Especially in high volume, lower average ticket businesses like gutters or lawn care, lead flow is oxygen.

Without it, growth suffocates.

Sales Is Not About Pressure. It’s About Process.

One thing Adam shared that really resonated with me was how little nurturing they were doing early on.

Send a quote. Follow up once. Hope for the best.

That’s not sales. That’s gambling.

Once they built real nurture into the process, everything changed.

More structured follow up. More intentional communication. More ownership over the customer experience.

Sales didn’t improve because they pushed harder.

It improved because they showed up better.

Why Customer Experience Cannot Be an Afterthought

Adam is extremely opinionated here, and I agree with him.

Your CSR team is not a cost center. It is one of the most important parts of your business.

He refuses to outsource customer facing roles to people who don’t understand homes, trades, or customers. Not because they aren’t capable, but because context matters.

The first conversation a customer has with your company sets the tone for everything else.

Adam pays more for experienced, US based CSRs who understand the trade.

And his booking rates justify that decision.

The Breakthrough Came From a Real Offer

This might have been my favorite part of the conversation.

Adam realized that hundreds of customers were already having their gutters cleaned every six months, year after year.

So instead of pretending this wasn’t happening, they built an offer around it.

The Gutter Protection Plan.

Two years. Four cleanings. One free. Paid upfront.

Customers were already committed emotionally. Now the company aligned the structure.

That single shift created predictable revenue, better retention, easier sales, and upfront cash to reinvest in marketing.

This is what happens when marketing actually points to something specific.

Not “we’re your favorite gutter company.”

But “this is what we want you to buy.”

Inside Sales Changes When Incentives Change

Another important shift was how Adam treated his CSRs.

They aren’t just schedulers.

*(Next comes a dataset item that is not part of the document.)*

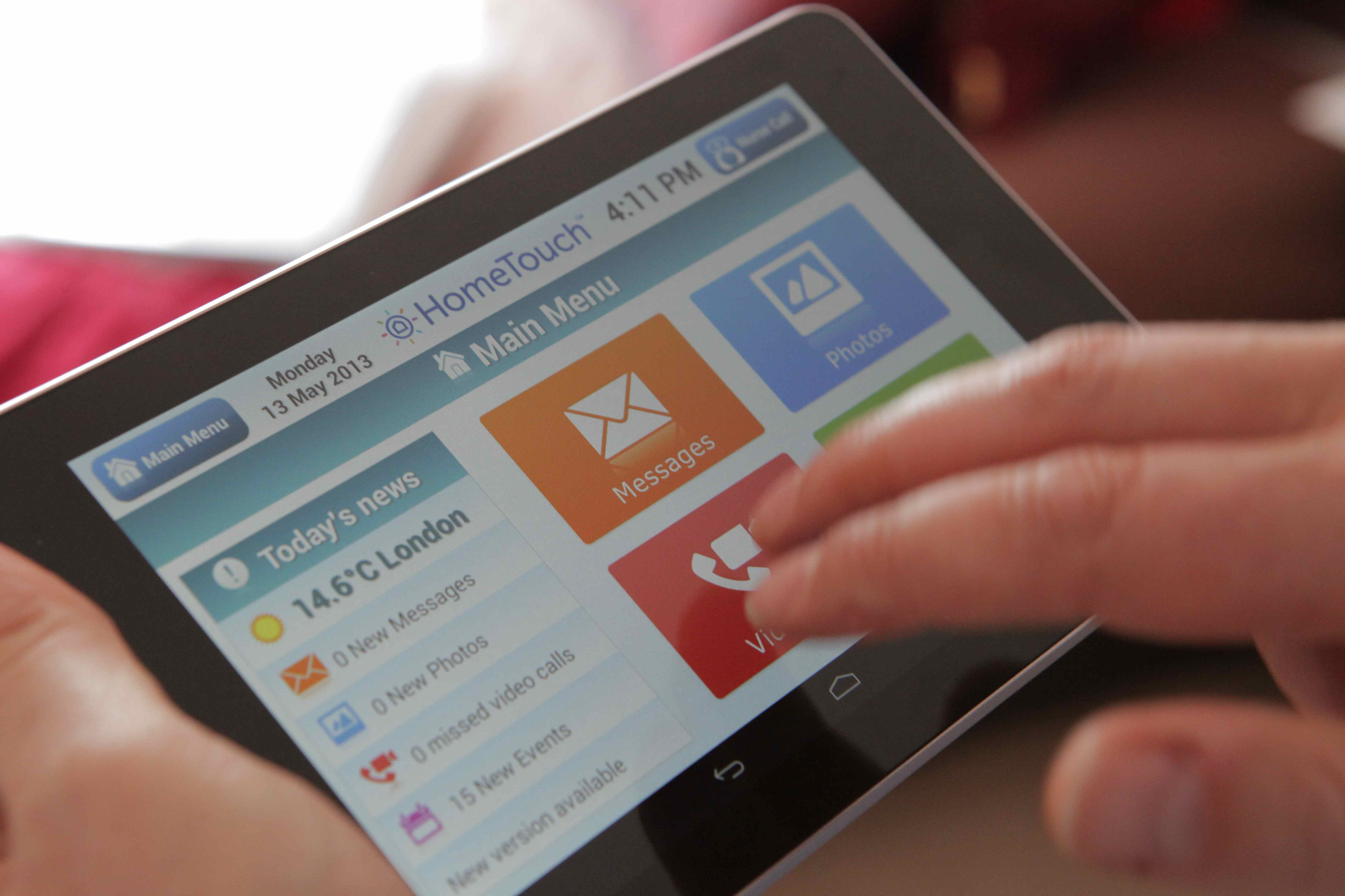 Modern Telecare Tablet Application For use on

They are inside sales reps.

They earn a percentage of the revenue they book.

When they sell a plan instead of a one off job, everyone wins.

Bigger tickets. Better conversations. More ownership.

Taking a Month Off Exposed Everything

One of the boldest moves Adam made was stepping away for over a month.

Completely unplugged.

No calls. No texts. No apps.

When he came back, the business hadn’t collapsed. But cracks showed.

And that was the lesson.

The problem wasn’t Adam being gone. The problem was that his leadership behaviors were gone.

What the team missed wasn’t him.

It was clarity. Communication. Structure.

That realization changed how he viewed leadership.

People don’t miss the owner. They miss good leadership habits.

And habits are teachable.

Growth Creates New Bottlenecks

Once marketing and sales start working, another problem shows up.

Hiring.

Most companies wait until they’re desperate.

Adam recruits constantly, even during slow seasons.

He would rather pay someone to do very little for a few weeks than miss out on a great long term hire.

Because hiring under pressure almost always leads to bad decisions.

The best hires usually come before you think you need them.

Owner or Employee. You Have to Choose.

This part hit home for me.

Adam realized he was the owner of his business but acting like an employee.

Owners don’t jump in to do technician work.

Owners build systems, teams, and assets.

If the owner does the technician’s job, who is doing the owner’s job?

Growth requires role clarity.

Just like a sports team, players play, coaches coach, and owners stay out of the game.

The Point of All of This

Adam closed the conversation with something I think every business owner needs to hear.

Your business exists to serve you.

Not the other way around.

I’ve seen too many owners lose their health, their marriage, and their relationships while telling themselves they’re doing it for the family.

Business is a tool.

It is not your identity.

Revenue does not define your worth. And success in business does not automatically mean success in life.

If you’ve crossed a million dollars and feel overwhelmed, stuck, or unsure of what’s next, that feeling isn’t failure.

It’s the signal that the next version of you needs to step up.